I’m in Minneapolis with my partner Seth. We had a meeting at Best Buy headquarters, met with a gang from the Mayo Clinic who drove up from Rochester, spent the afternoon at the Techstars Retail Accelerator which is at Target headquarters, and had dinner with Revolar. We are at the Techstars Retail Accelerator again today, then at Leadpages for a board meeting, and wrapping up with an internal Target event and an external startup community event put on by Beta.MN.
It’s two full days of immersion in the Minneapolis startup community. As I crawled into bed last night after jamming through my email, I smiled and thought to myself that Seth and I had a good day with a bunch of people talking about the power of entrepreneurship – and how the entrepreneurs are the leaders – while getting to work with a bunch of entrepreneurs.
I woke up to Fred Wilson’s post Understanding VCs and nodded my way through it. I particularly loved how he started.
VCs are not heroes. We are just one part of the startup ecosystem. We provide the capital allocation function and are rewarded when we do it well and eventually go out of business when we don’t do it well. I know. I’ve gone out of business for not doing it well.
If there are heroes in the startup ecosystem, they are the entrepreneurs who take the biggest risks and create the products, services, and companies that we increasingly rely on as tech seeps into everything.
What Fred said.
VCs – go read his post and reflect on it.
Entrepreneurs – go read his post and take it to heart.
Fred – thanks for saying it so well in your inimitable direct style. Understanding VCs is one for the books …
If you’ve missed me, it’s because I spent a week in Australia.

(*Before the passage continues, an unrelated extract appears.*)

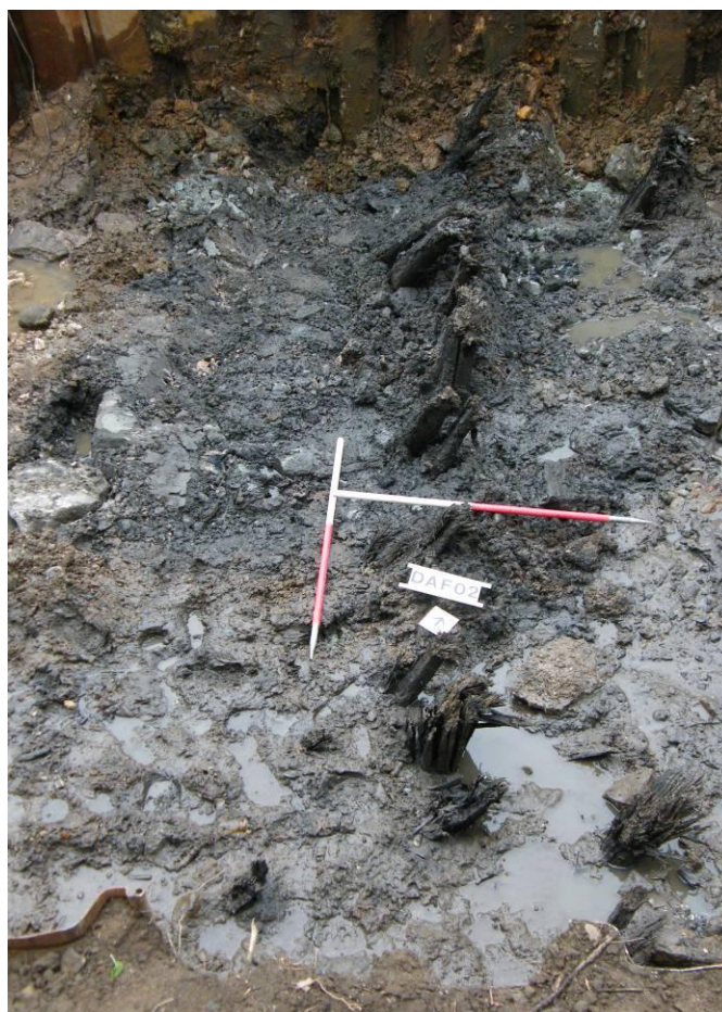
Plate 8 Post alignment 'F', Area 02
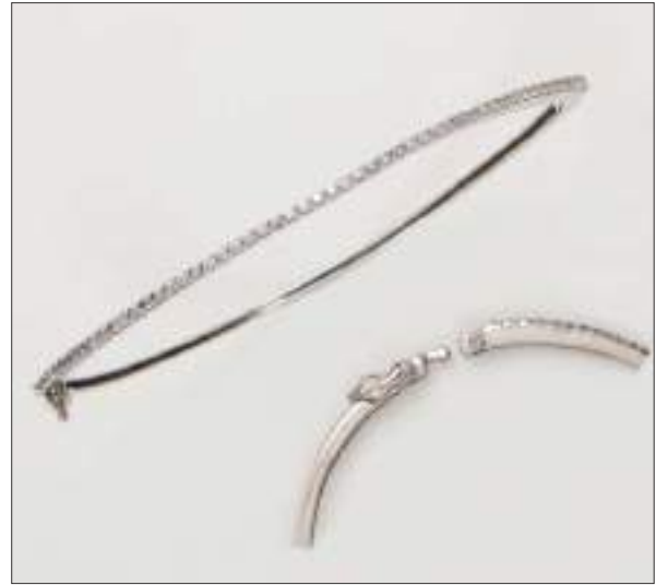
BG111045A18RH WT: 0.3/6.25 gm

Ten days ago, after being there for a few days, I came down with salmonella poisoning. I’m finally starting to feel normal again although I’m still exhausted. This has easily been the sickest I’ve ever been.

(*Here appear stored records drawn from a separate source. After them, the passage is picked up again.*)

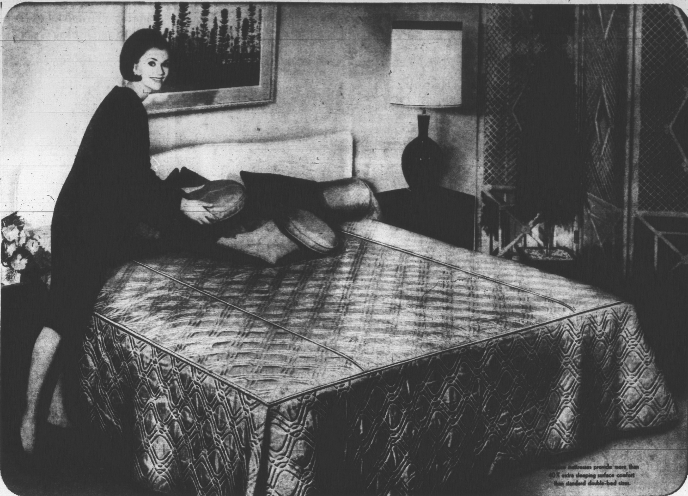
These mattresses provide more than 40% extra sleeping surface comfort than standard double-bed sizes.

WILL ASK INDEPENDENCE GEORGETOWN (Reuters) — British Guiana Premier Forbes Burnham will demand independence for the British colony as early as this fall or not later than next spring, he told a rally of his People's National Congress Sunday. Speaking in MacKenzie, 80 miles from here, Burnham said British Guiana could not become an independent country by copying Russia or the United States, he said.
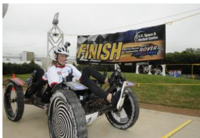
It was a big finish in 2015 for the AACT Rover program

Pathway to Space is a teacher-training program that developed and trained teachers in grade-banded NGSS-aligned curriculum kits for exploring our atmosphere through high-altitude balloons, powered flight, and instrumented rockets in partnership with the Regional Professional Development Program (RPDP). For 2016, we have received funding to add unmanned aircraft systems to the program, and aim to support high school teams in regional and statewide competitions in partnership with the DRI Green Power program.
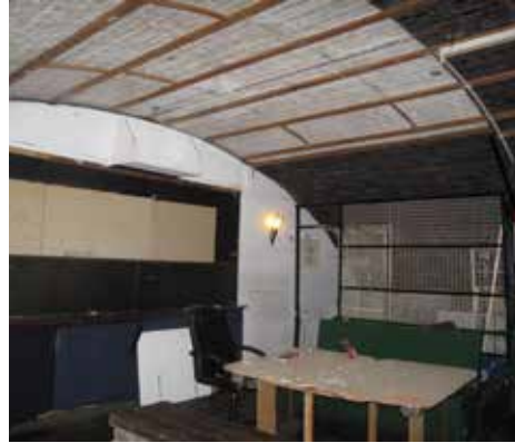
Plate 357: Arch - main space (stair from ground floor landing to the right in the background (first floor))
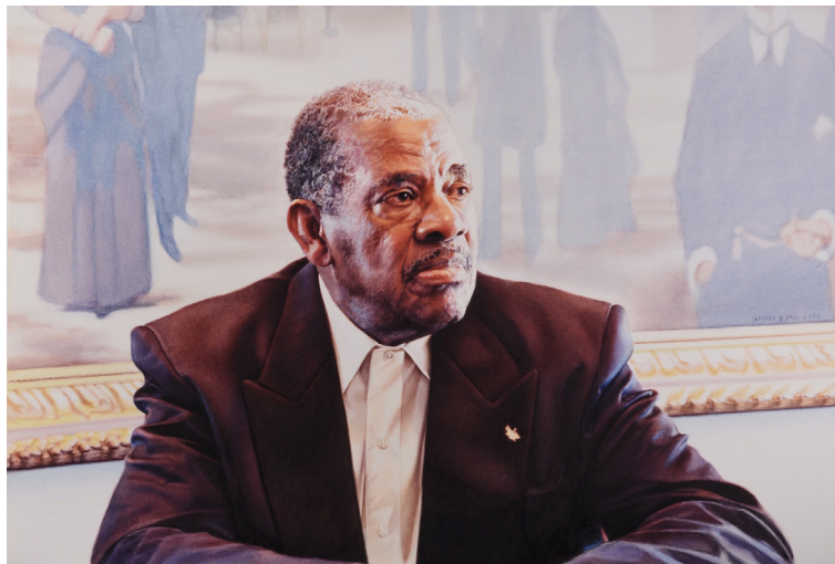
Battle of Angels , by Jeffrey Bass NWS: The First 100 Years with the Hilbert Museum of California Art
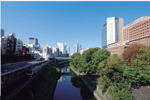
Present-day Ochanomizu, showing the same view as in the above woodblock. Ochanomizu Station is at the left and the TMDU Main Campus is at the right, with the Kanda River flowing between them.
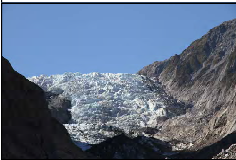
Franz Joseph Glacier Close Up

Franz Joseph Village 175 kms away. Franz Joseph Village is only a few kms. from the rather spectacular Franz Joseph Glacier, which in turn, is only 50 kms from Mt Cook (the highest mountain on the South Island of New Zealand.) In the village there is a number of motels, restaurants a supermarket, Tourist Information Centre. You may like to take a helicopter ride over the glacier. We all commented on
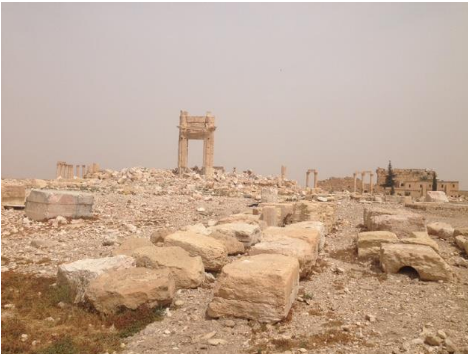
Fig 16: Destroyed Cella of the Temple of Bel (Ba'al)

While I was gone, the gang at Reboot put up the Reboot Podcast #45 – What’s Love Got to Do with It?- with Fred Wilson and Brad Feld which was a delightful conversation between me, Fred, and Jerry Colonna.
The three of us have a 20+ year history that gives me joy every time I think about it.

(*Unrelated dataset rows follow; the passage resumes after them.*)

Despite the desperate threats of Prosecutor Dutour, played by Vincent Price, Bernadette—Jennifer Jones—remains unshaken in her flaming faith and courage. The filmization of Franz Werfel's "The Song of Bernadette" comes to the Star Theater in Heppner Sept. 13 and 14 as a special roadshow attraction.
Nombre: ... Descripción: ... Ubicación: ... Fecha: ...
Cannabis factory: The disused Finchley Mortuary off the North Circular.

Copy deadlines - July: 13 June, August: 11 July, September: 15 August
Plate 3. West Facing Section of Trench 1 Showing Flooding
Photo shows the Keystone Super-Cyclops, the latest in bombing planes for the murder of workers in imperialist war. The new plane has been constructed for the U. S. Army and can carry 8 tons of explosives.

I first met Fred in the suburbs of Boston at Yoyodyne in 1996. It was also the first time I met Seth Godin. I had just started working with Softbank and had been commanded to go to Yoyodyne and do “due diligence” by Charley Lax. I had no idea what Softbank or Charley wanted in the way of due diligence, so I went, hung out with Fred and Seth, and wrote Charley an email after saying “Looks great – Seth is awesome” or something like that. Softbank (and Fred – via his new firm Flatiron Partners, which was partially funded by Softbank) invested.
I first met Jerry in a conference room at NetGenesis in Cambridge. I was chairman and we has three product lines at that point: NetForm (an HTML form filler that was getting its but kicked by Allaire), NetThread (which was super cool but getting its butt kicked by something – maybe again Allaire), and NetAnalysis, which was the first weblog analysis tool and became the focus of the company. We sold NetForm to a company called Virtuflex (which went on to become Channelwave, which I became an investor in) and NetThread to eShare. Jerry, again through Flatiron (he and Fred had become partners), was an investor in eShare. I joined the eShare board as an outside director. eThread was acquired by Melita International in 1999 after a crazy ride that included a midnight negotiating session on the 173rd floor of some building in midtown Manhattan to try to merge with iChat. I remember walking about at around 2am with Jerry, completely wasted and frustrated. Welcome to 1999.
Over the last 20 years, the three of us have worked on lots of things in different configurations, but I’d put the deep friendship we’ve developed ahead of all of our business deals. We’ve won and lost together, had great moments as well as deep disappointments. But throughout, we’ve stayed best friends.
I enjoyed making the podcast, I hope you enjoy listening to it.